According to this law, a person who is at least partially at fault for an auto accident isn’t eligible to receive any monetary compensation for damages to their vehicle or to cover their medical costs. Contributory negligence means that they contributed in one way or another, no matter how minor, to the accident. Their participation in the accident negates their chances of receiving any kind of help with these costs, whether they are for loss of income, medical procedures, or vehicle repairs. Even if the accident involves ten cars and they are a mere 5% to blame for what occurred, contributory negligence kicks in. As you can imagine, many view this particular law as being harsh and unfair. However, it still must be followed in the 5 states that have this law on their books.

Comparative Negligence

Comparative negligence, on the other hand, is law in 45 states and Ohio is included. According to comparative negligence laws, someone who was partly at fault for an accident can file for compensatory damages. However, any money awarded to them is limited to their at-fault percentage. The same is true if the person involved in the accident (the defendant) is sued by the plaintiff (the other party in the accident). If the defendant is found to have contributed 25% to the accident, then they are responsible for the percentage of the amount awarded to the plaintiff.

Last Clear Chance Doctrine

Finally, there’s the Last Clear Chance Doctrine. This is considered to be an exception to the contributory negligence law. If someone is involved in an accident and found partially at fault, but later proven the driver had enough time to avoid the incident but didn’t, then they may be liable for the entire accident.

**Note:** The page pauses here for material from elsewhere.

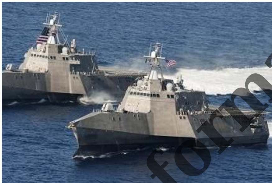
Americké válečné lodě

Na ukrajinském Očakovu, který se nachází v těsné blízkosti Krymu, začala výstavba americké námořní základny, připomíná švýcarské vydání InfoSperber.

No matter what, when you’re involved in an automobile accident, it’s up to you to ensure that you receive any monetary damages to which you’re due. You’ll need to hire an experienced attorney to navigate these waters for you. Accident attorneys understand the laws of contributory and comparative negligence and may be able to help you receive compensation for your injuries, lost income, and the repairs to your vehicle, even if you are found to be slightly at fault for the accident. Of course, the circumstance surrounding this can vary since every case is different.